The centerpiece will be an 850,000-sf open-air, Mediterranean-style upscale retail center anchored by Nordstrom and Neiman-Marcus. But there will be much more to the complex.

Also slated is a five-story building with 110,000 sf of class A office and 25,000 sf of ground-floor retail. Named this week to handle the office leasing was USAA Realty Co., the Arlington, VA-headquartered subsidiary of the USAA insurance and financial services firm. The USAA unit is also leasing the 263,000-sf Columbus Center office project, in Coral Gables as well.

Site work has commenced on the retail section of Merrick Park, with ground-breaking on the office building scheduled by year end. Also planned for the parcel are twin luxury apartment buildings. Project components will begin delivery in 2002.

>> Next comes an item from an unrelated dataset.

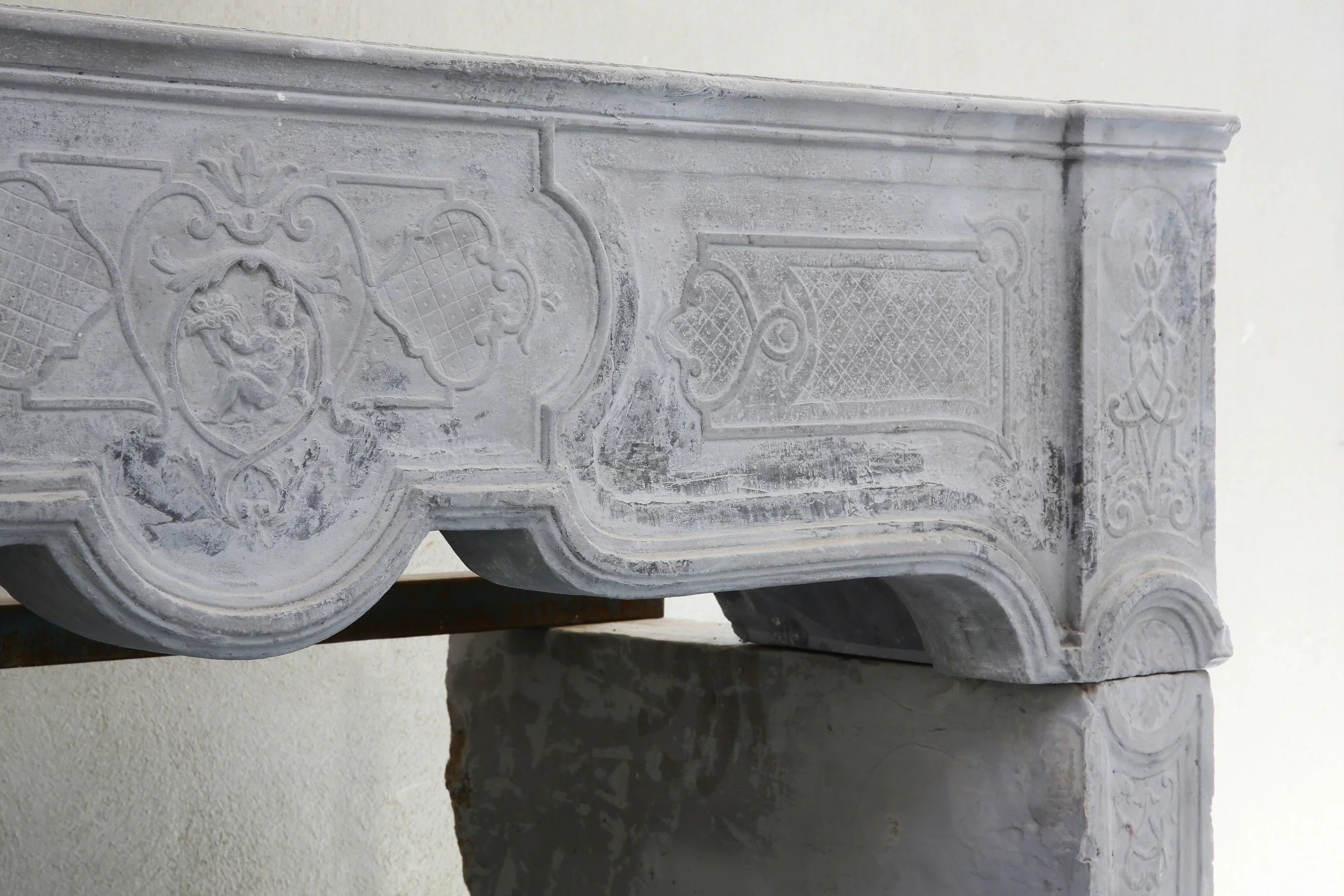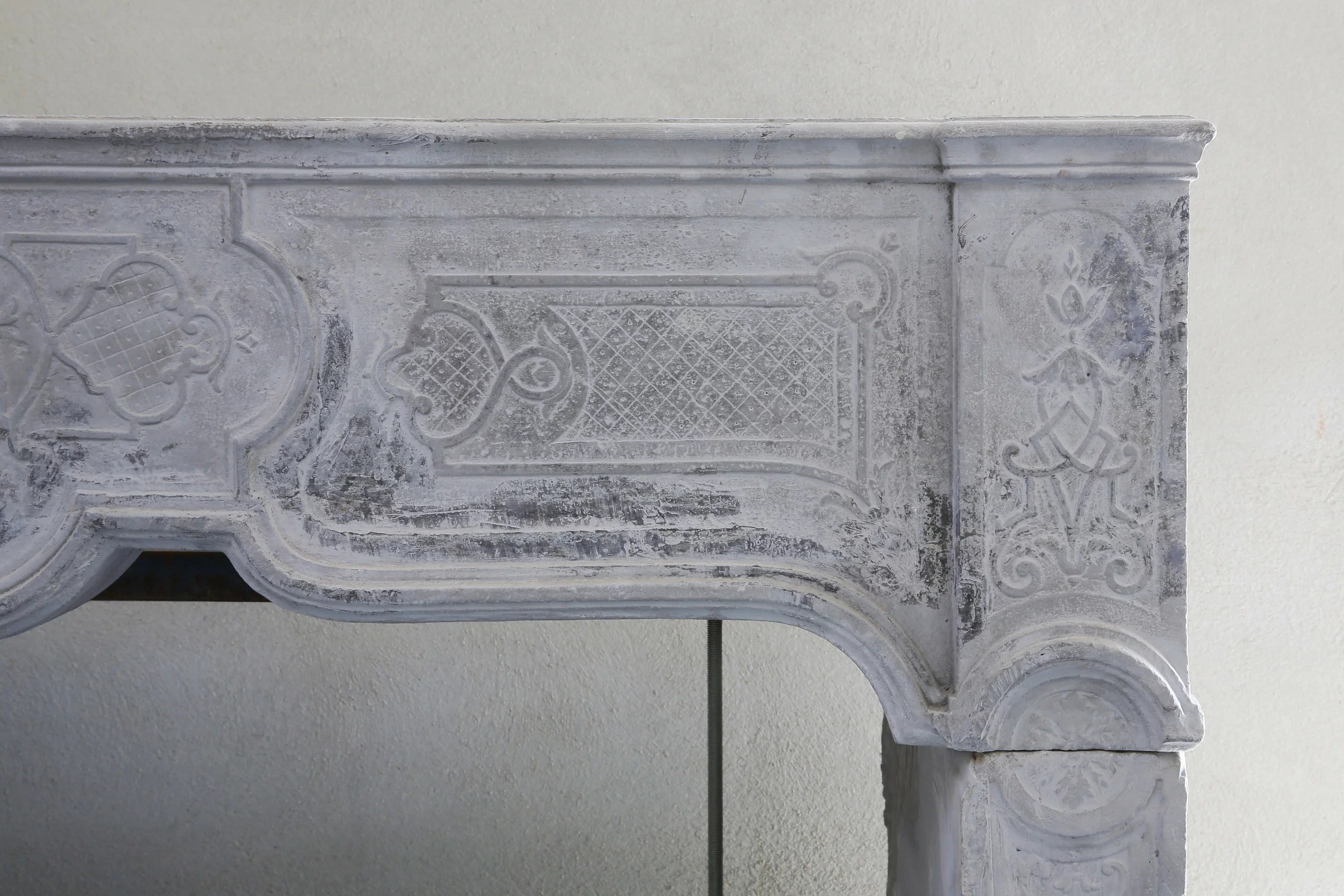 Schöner antiker Kamin aus französischem Marmor mit schönen Ornamenten und Dekorationen. Dieser elegante Kamin stammt aus dem 19. Jahrhundert und ist im Stil von Louis XV. Die schöne graue Farbe, Form und Dekoration machen dieses Möbelstück zu einem sehr wertvollen Möbelstück für ein Interieur.

Retail rents in Coral Gables have recently been averaging $31.50 per sf, by far the most expensive in Miami-Dade, according to Trammell Crow Co. But the store vacancy rate is also the highest at 15.7%. Local office rents average $24.49 per sf, and the vacancy rate is 7.12%.

Retail rents in the Kendall submarket only average $14.77 per sf but the store vacancy rate is just 2.2%, which may be encouraging Rouse to pursue development of Kendalltown Center.

Preliminary plans for a 158-acre parcel between SW 88th and SW 96th Streets in West Kendall have already been OKd by Miami-Dade's Planning Advisory Board and are now being reviewed by the appropriate state agencies.

Although the anchor element will be a 1.35 million-sf shopping mall, the Kendalltown plat also sets aside land for constructing 400,000 sf of offices, 200 units of seniors housing, a 2,400-seat movie multiplex and a 200-room hotel.

Already home to Dadeland Mall and the more recently completed nearby Dadeland Center, Kendall is seen as growing to the point where it could accept a development as large as Kendalltown.